Maritime Hierarchy

The hierarchy of ships in a fleet [a group of ships on the same mission] helps keep order. The lead ship of a fleet is the admiral and or flagship. In John Winthrop’s Fleet, the Arabella served as the Admiral and the Talbot served as Vice Admiral.

The hierarchy of command among mariners is equally important. It prevents crew members from stumbling over each other while following instructions or fulfilling their tasks. In a naval fleet, the highest ranking officer is the admiral, and he sails in the lead ship. Otherwise the master is the highest ranking officer. The highest ranking officer on a ship has the first choice of accommodations. Master Peter Milbourne and Governor Winthrop required the best quarters in the Arabella’s sterncastle. Winthrop’s son and his servants were ment to be accommodated there, too.(1)

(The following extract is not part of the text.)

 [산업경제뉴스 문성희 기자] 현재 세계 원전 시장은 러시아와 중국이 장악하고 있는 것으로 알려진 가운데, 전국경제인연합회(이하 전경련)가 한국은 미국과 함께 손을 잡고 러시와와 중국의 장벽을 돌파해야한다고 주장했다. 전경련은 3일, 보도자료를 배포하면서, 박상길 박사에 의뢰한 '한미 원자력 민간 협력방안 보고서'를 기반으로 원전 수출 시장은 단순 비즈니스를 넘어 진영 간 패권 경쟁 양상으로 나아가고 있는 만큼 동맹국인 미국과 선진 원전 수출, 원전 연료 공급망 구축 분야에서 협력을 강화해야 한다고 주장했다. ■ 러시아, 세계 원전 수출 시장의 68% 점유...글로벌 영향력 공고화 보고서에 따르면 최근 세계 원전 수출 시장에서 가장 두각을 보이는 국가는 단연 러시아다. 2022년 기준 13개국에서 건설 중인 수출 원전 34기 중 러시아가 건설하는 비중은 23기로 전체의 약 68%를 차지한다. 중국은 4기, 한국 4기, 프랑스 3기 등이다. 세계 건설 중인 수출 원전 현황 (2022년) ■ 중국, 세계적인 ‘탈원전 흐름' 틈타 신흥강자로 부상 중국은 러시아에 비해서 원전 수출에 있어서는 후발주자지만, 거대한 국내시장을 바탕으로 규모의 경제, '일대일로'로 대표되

Sometimes the captain and the master are the same person, and sometimes they are two different people. A master is always a trained seaman and navigator. He directs the efficient working of the ship. A captain is responsible for the success of the voyage – whether it leaves on time and has enough supplies. He might be a gentleman who helped finance the voyage. He is not necessarily a seaman or navigator. Either way, it takes a bit of education to become a captain or master.

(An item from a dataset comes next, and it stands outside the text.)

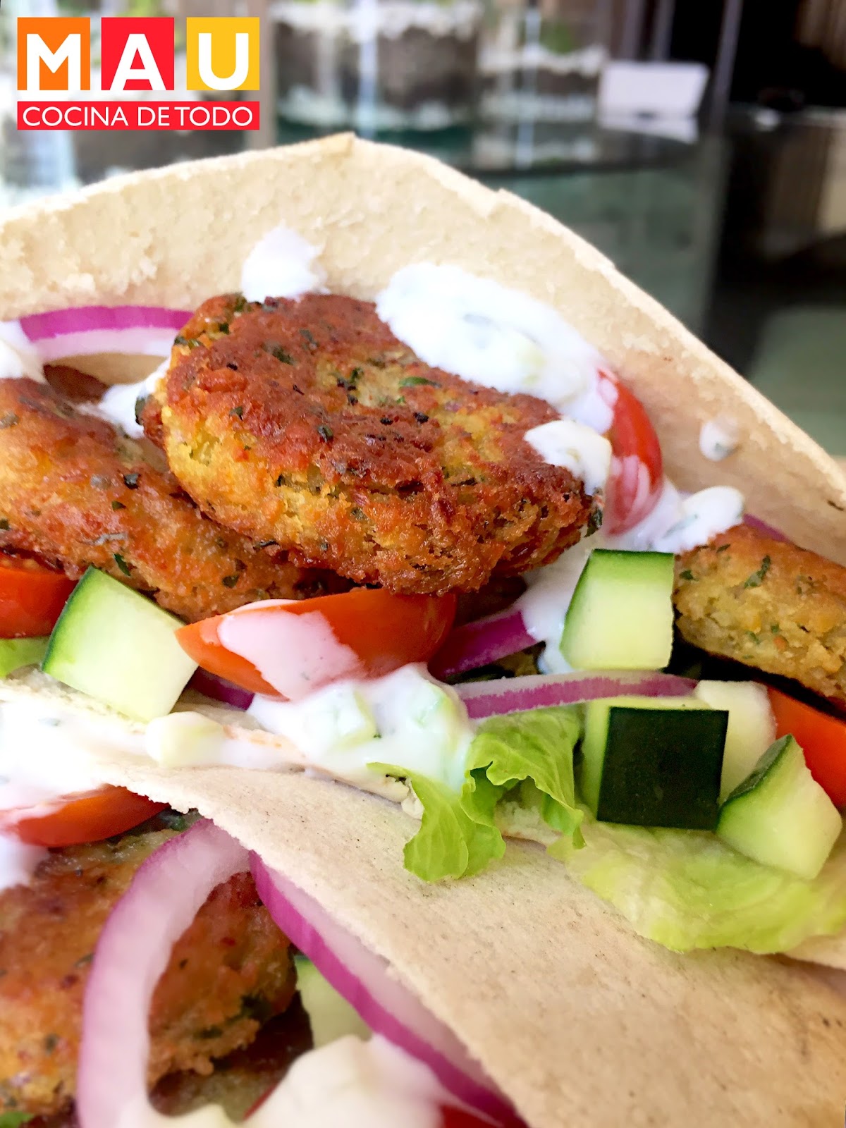 -Prepara los sandwiches cortando el pan pita por la mitad (medios circlos) rellenando con lechuga, falafel, tomate, pepino, cebolla y aderezo de yogurt.

Next in the hierarchy is the lieutenant, who is preparing to be a captain or master one day. If there is still room in the sterncastle, the lieutenant and his servants bunk there. The ship’s surgeon is entitled to a nice cabin to himself somewhere. And by tradition, the bosun [boatswain] and the carpenter reside in accommodations with equal status. The rest of the crew sleep in various locations in the ship depending on their status and duties on board. For example, the cook lives near his galley and the purser sleeps near the storeroom. Where do you think the gunner sleeps?(2)

At the bottom of the hierarchy is the common seaman. Seamen make up about seventy percent of the crew and are divided into three groups who are supervised by petty officers. The best of the common seamen are the topmen and the forecastle men. Topmen are the agile fellows working aloft in the rigging. Forecastle men work the anchors and the foremast sails.

Then we have the afterguard who are based on the quarterdeck or upper deck with the helmsman. The afterguard sleep near the steerage.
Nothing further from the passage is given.